Three real cases: you maintain an intranet app running in Edge's IE mode and your audit requires an EOT fallback; you only have the WOFF2 distribution of a custom font and need to rebuild an EOT for a legacy kiosk image; or a brand-asset bundle spec lists .eot as a deliverable and you don't want to ship an incomplete kit. For brand-new public websites in 2026, you almost certainly don't need EOT.
It preserves whatever was inside the WOFF2's sfnt payload — outlines, kerning, GSUB/GPOS feature tables, and naming records all survive the round-trip. WOFF2 stores the same TrueType/OpenType tables as the source, just Brotli-compressed and reordered for streaming; converting to EOT decompresses those tables and re-wraps them in the EOT header. Color fonts (COLR/CPAL, sbix, SVG ) technically survive but won't render in IE 6–11 anyway.
Modern converters output "EOT Lite" — the same sfnt payload, no MTX compression, no URL binding — which IE 8 reads correctly when you include the ?#iefix query suffix in your CSS src. IE 8's well-known bug appends the rest of the CSS file to the EOT URL if there's no ? to stop it; the #iefix fragment is the historical workaround.
No, almost always larger. WOFF2's Brotli compression typically shrinks the sfnt payload by 50% or more compared to raw TTF/OTF. EOT only adds a thin header on top of the uncompressed sfnt (the MTX-compressed variant is mostly unused outside Microsoft's own tooling). Expect your .eot output to be roughly 2x the size of the WOFF2 you converted from.
You need whatever your foundry's license specifies for web embedding — the format doesn't change the licensing terms, only the byte layout. Many foundries grant a single "web font" right that covers WOFF, WOFF2, and EOT together; some require a separate "embedded for IE/legacy" rider. Check your EULA before shipping an EOT on a public domain.
Yes. The page lazy-loads opentype.js and a small EOT writer into your browser, parses the WOFF2 in JavaScript using a Brotli decoder, and emits the EOT bytes directly. There's no upload step and no server-side processing — useful if your source font is unreleased, NDA-restricted, or a paid commercial license you can't legally upload to third-party servers.
Original EOT (2008 W3C submission) included two features that made it controversial: optional MTX compression (a Monotype-patented algorithm) and URL binding (the font would only decode on a specific domain). EOT Lite drops both — it's a plain sfnt wrapped in an EOT header with no compression and no URL lock. Every realistic modern converter, including this one, produces EOT Lite, which is what IE 6–11 reads without complaint.
Yes.
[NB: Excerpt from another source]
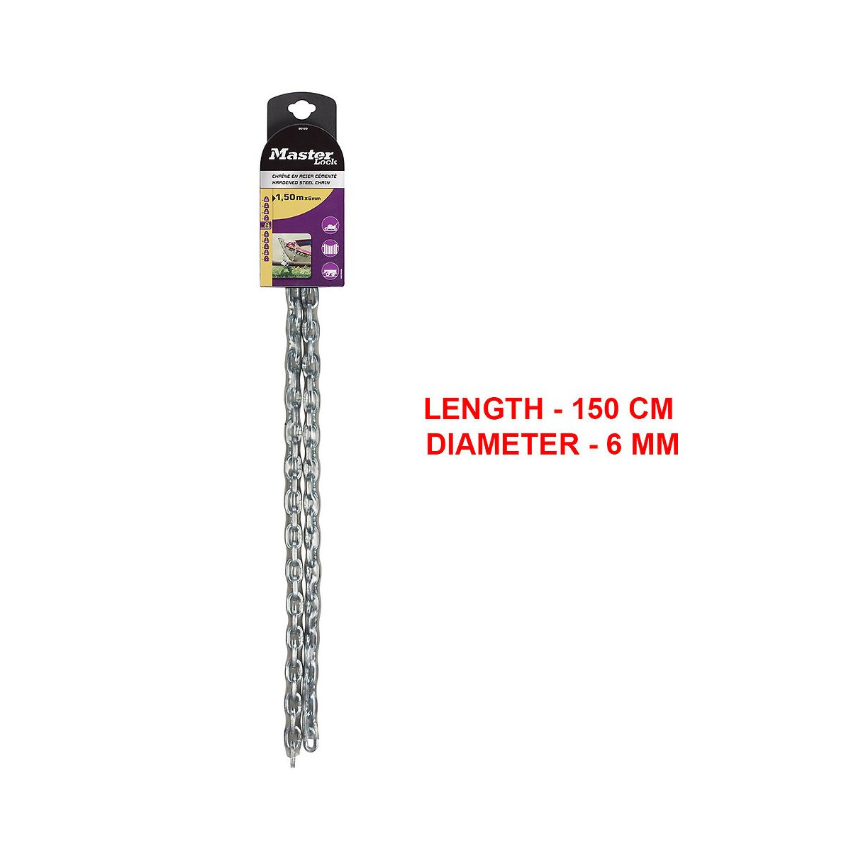 La chaîne Master Lock nº 8012EURD mesure 1,5m de long avec des maillons en acier cémenté de 6 mm de diamètre, offrant ainsi une résistance maximale à la coupe et au sciage. La conception de maillon en acier soudé offre une résistance supérieure au crochetage. La gaine en vinyle offre une protection contre les éraflures. La chaîne est idéale pour sécuriser une clôture, un portail, de l'outillage, du mobilier de jardin, un vélo ou autres 2 roues. La garantie à vie limitée vous garantit une tranquillité d'esprit grâce à une marque sur laquelle vous pouvez compter. UTILISATIONS MULTIPLES : pour une utilisation en intérieur ou en extérieur , idéal pour sécuriser clôtures, portails, outillage, mobilier de jardin, vélo et autres 2 roues HAUTE SÉCURITÉ : Chaîne en acier cémenté , maillons carrés de 6 mm de diamètre pour une meilleure résistance à la coupe DIMENSIONS DE LA CHAÎNE : (LongueurxDiamètre) 1,5 mx0,6 cm DESIGN DURABLE : couverture vinyle thermoformée pour éviter les rayures.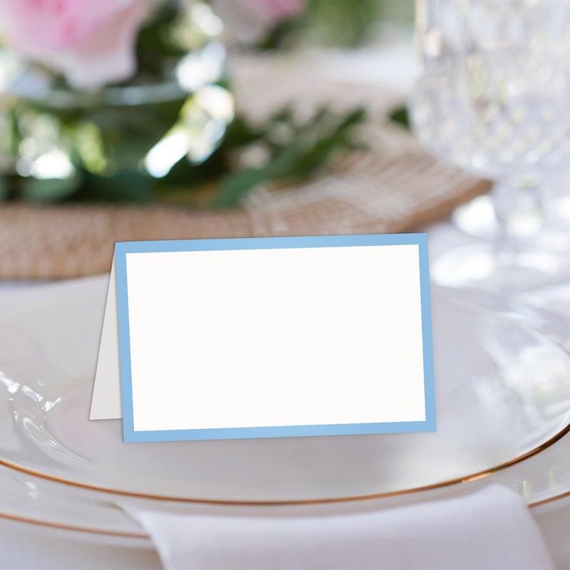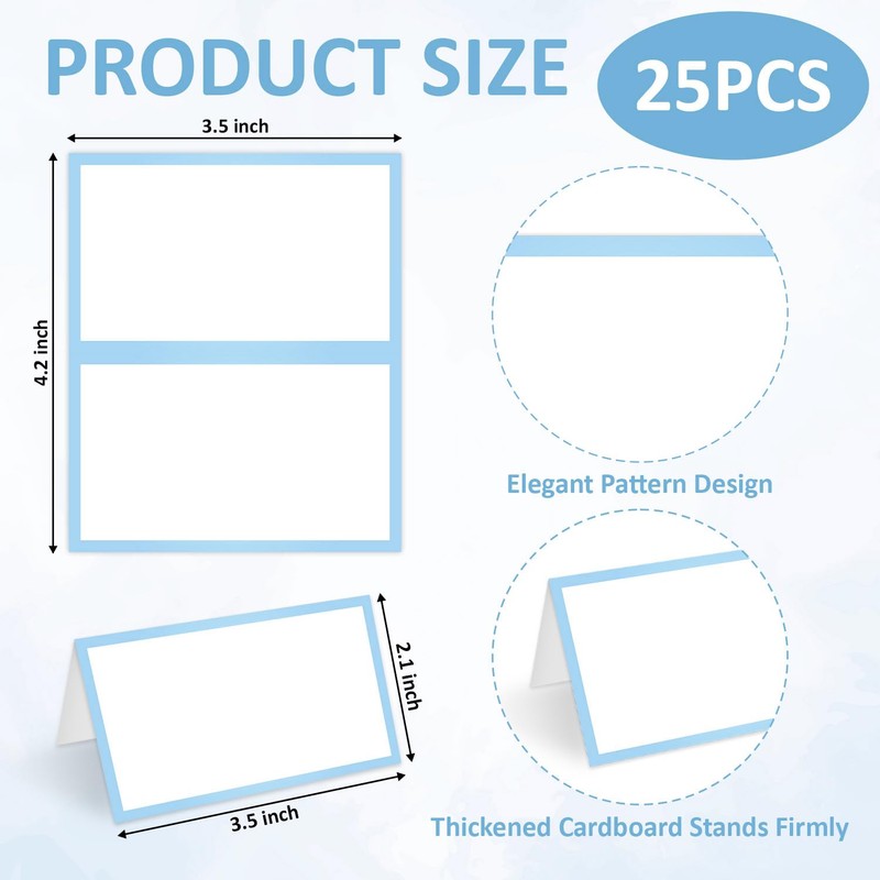 25 Pcs Dusty Blue Border Place Cards, Blank Tent Name Cards for Food Buffet, Dinner Party, Wedding Reception, Bridal Shower Table Setting -01

Like WOFF, WOFF2, and TTF, each weight and style is its own file — regular, bold, italic, and bold-italic are four distinct EOTs. Batch-upload the four WOFF2s and you'll get four EOTs back, then point each at the right @font-face block with matching font-weight and font-style declarations.
WOFF, every time. IE 9, 10, and 11 all natively load WOFF 1.0 via format('woff'), no EOT required. EOT is only needed if you must also support IE 6, 7, or 8 — and IE 8's global share dropped below 0.1% years before IE 11 itself retired. If your "legacy" target is just IE 11, ship a WOFF and skip the EOT step entirely.